When no female directors were nominated for the “Best Directors” Oscars category this year, Bette Midler called for a new awards ceremony, the Osc-hers.
The entertainment industry is hardly alone in overlooking some of its top talent. Each and every year, top-notch education technology found-hers are passed over by investors—to the detriment of an industry in need of disruption and new ideas.
Consider Guild Education, an online education company led by Rachel Carlson and Brittany Stich, which reached the highly coveted unicorn status in November 2019. They became only the fourth education company in recent years to be founded by women and valued at over one billion dollars. Out of 575 unicorns.
According to one study of edtech accelerators, 30 percent of education startups have at least one woman on their founding team women—nearly twice the percentage of ventures started by women across other technology sectors.
But like their peers in other industries, edtech found-hers obtain a disproportionately tiny slice of overall investment capital. Only between 2 to 6 percent of companies started by women receive venture capital funding. For women of color, the statistics are even more sobering: Roughly 0.32 percent of funding awarded over the past decade went to Latin American women; and for African American women, the number was an infinitesimal 0.0006 percent.
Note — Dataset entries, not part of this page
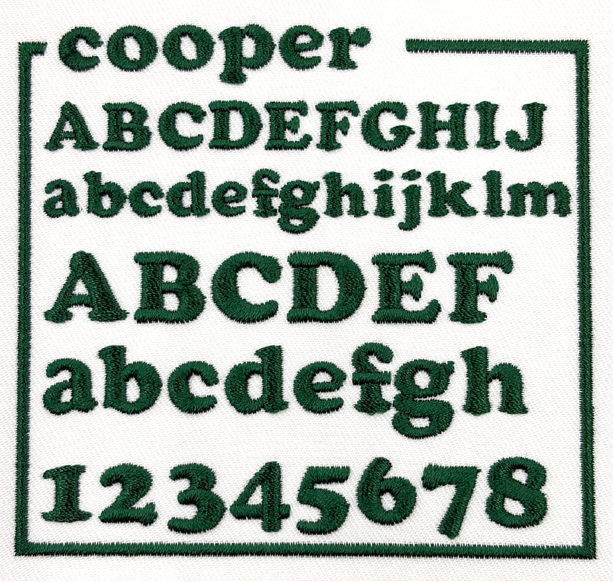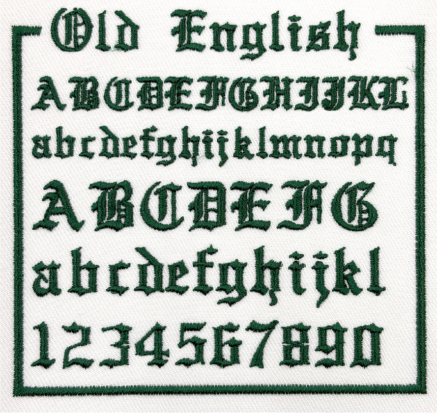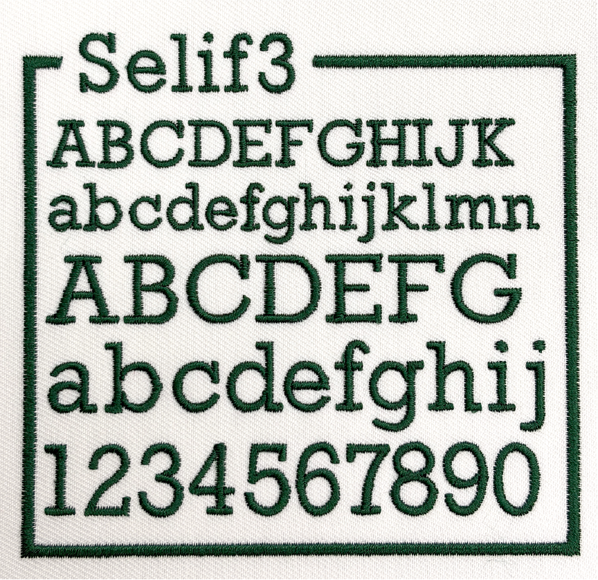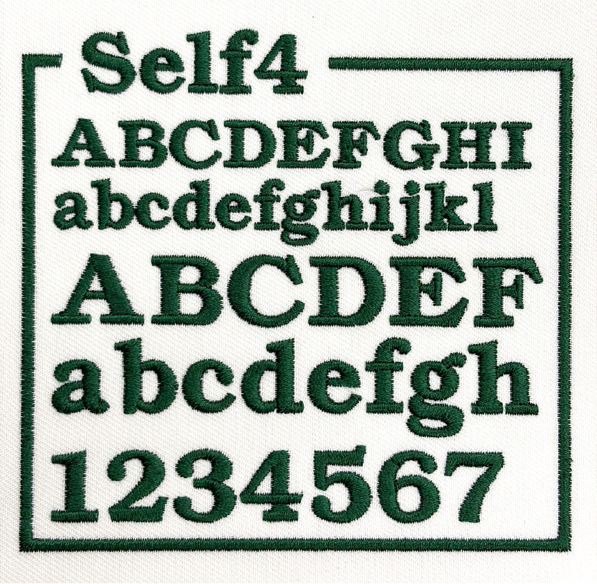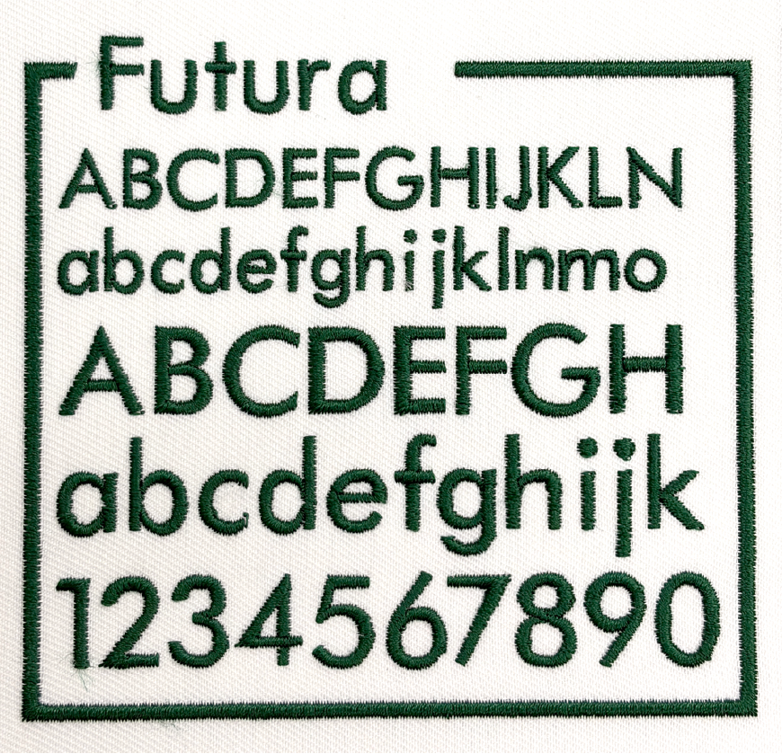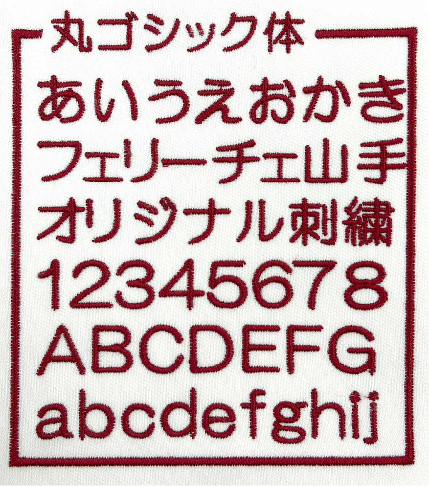 左胸や袖などに、文字サイズ縦1cm〜2cm程度で書体見本から選んだ書体、ご希望の糸色で刺繍します。
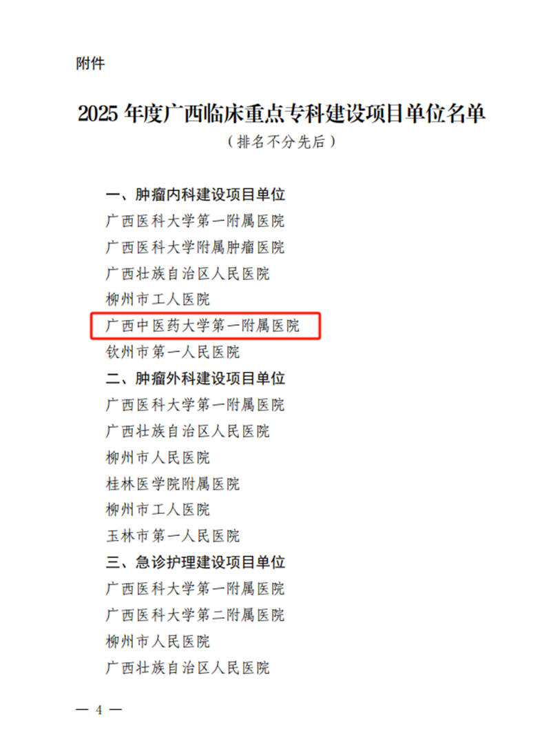 近日,自治区卫生健康委公布了2025年度广西临床重点专科建设项目单位名单,第一附属医院成功获批广西临床重点专科肿瘤内科建设项目单位。这一殊荣不仅标志着第一附属医院肿瘤内科在恶性肿瘤诊疗领域取得的优异成绩获得了肯定,也预示着肿瘤学科未来将在中西医结合肿瘤诊疗方面迈出更加坚实的步伐。
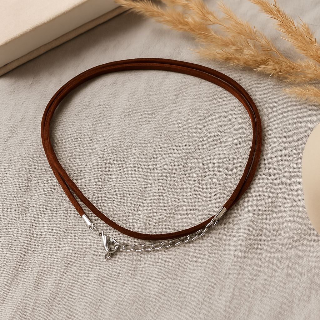 Pripravený na nosenie, so strieborným kovaním: karabínka, predlžovací reťazec z malých, rovnomerných očiek a pekné kovové koncovky pre bezpečné zakončenie. Jednofarebný odtieň ticho ladí so striebrom, zlatom, mosadzou, drevom alebo kameňom, nechávajúc váš kúsok v popredí. 🔗
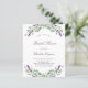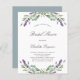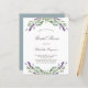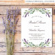 Een witte achtergrond versierd met lavendere bloemen en eucalyptusgroen. Personaliseer en een naam en details. Achterzijde: groene grijze achtergrond.
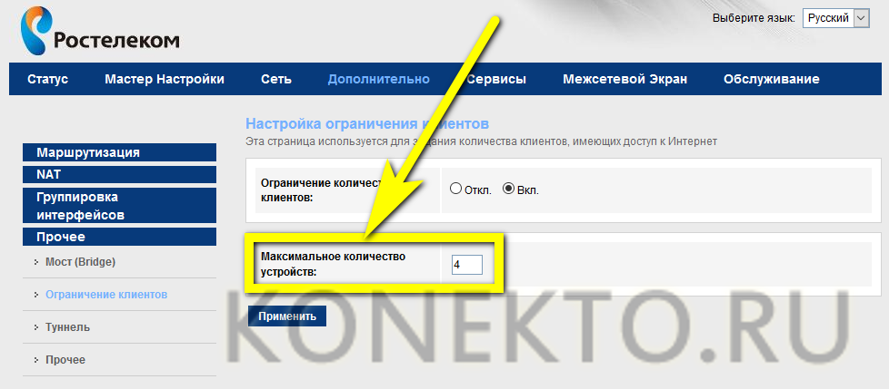 На вкладке «Ограничение клиентов» — указать, сколько устройств может одновременно подключаться к роутеру.
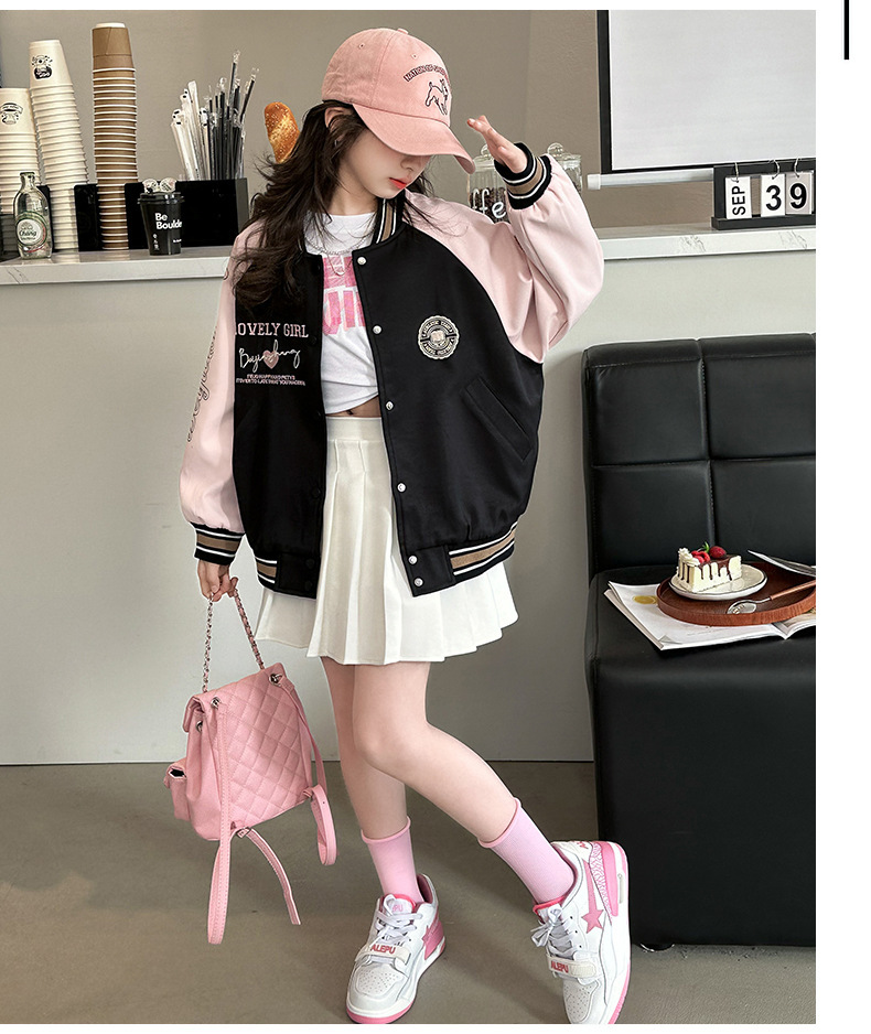 소녀 코트 가을 2024 새로운 스타일 중대형 어린이 세련된 재킷 유행 탑 어린이 스탠드 칼라 올 매치 야구 세트스토어 가기

The capital is out there. In 2018 alone, total startup funding in the United States reached $150 billion, raised through 8,200 startup rounds. But like the entertainment industry and so many others, women-led enterprises continue to be overlooked.
The industry is long overdue for a change. Investors need to begin thinking more equitably about not only what they are investing in, but also who. A strong early investment in edtech found-hers is not only the right thing to do, it has a history of generating long-term benefits for stakeholders as well as students.
Investors needing more convincing should consider the follow reasons to invest in an edtech found-her:
1. It’s good for business.
Having more women in executive roles benefits the corporate bottom line. Companies with women in at least half of leadership positions deliver higher sales growth, earnings per share growth, and return on assets, according to a Credit Suisse report.
Female founders also have a greater positive impact on startups’ revenue compared with their male counterparts. In fact, one study showed that, for every dollar of venture capital funding received, women-led businesses generated 78 cents. For businesses launched by men, the return was 31 cents.
2. It helps close the financing gap.
The equity gap in fundraising starts early. For women-led ventures, the largest investment discrepancies are felt at the earliest stages of a company’s life.
Investing early in women-founded businesses can make a difference not only in initial financing, but in future rounds as well. That’s because, once funded, the percentage of women-led startups that raise additional rounds of capital at later stages is nearly identical to that of firms founded by men. The gender discrepancy in funding raised during seed and series-A rounds closes significantly by series C and D.
3. It encourages success among women.
Women-led ventures are more likely to hire women. And women-led companies typically have more women across all levels of the company, including executive roles. Nearly half of consumer service firms with women as founders, for example, have women serving in executive roles—compared with only 10 percent of companies started by men.
If the edtech industry truly wants to represent the populations they serve, then female representation in company leadership roles is especially important in higher education. In fall 2019, women accounted for more than 56 percent of students on college campuses, a trend the U.S. Department of Education anticipates will continue.
Why aren’t more people investing in women? Maybe it’s because women are also outnumbered as investors. Data show that women fund managers are more likely to invest in women—and they are more likely to invest early. But recent research shows that women comprise, at most, only 12 percent of investment partners across the venture capital industry.
If we’re going to move the needle on investing in more found-hers, women must have larger and more significant roles in all aspects of the venture capital process. This means increased access to financing for female fund managers and enhanced mentorship and support for female investors.
It’s time to buck the trend. Recently, my organization, ECMC Foundation, partnered with women-led venture capital firm Chloe Capital to tour the country as part of our Invest In Women: Future of Work & Education initiative. Developed to support women-led companies working in college success, career readiness and workforce transformation, the initiative features pop-up accelerators across the country and provides convenient funding and mentorship opportunities for female edtech found-hers.
This is just one step in what must be a broad effort to level the playing field for women-led edtech startups. By establishing robust pipelines of investors funding women-led companies at their earliest stages, and by offering ongoing guidance and support to women establishing edtech firms, we can make the investment ecosystem more equitable for all found-hers.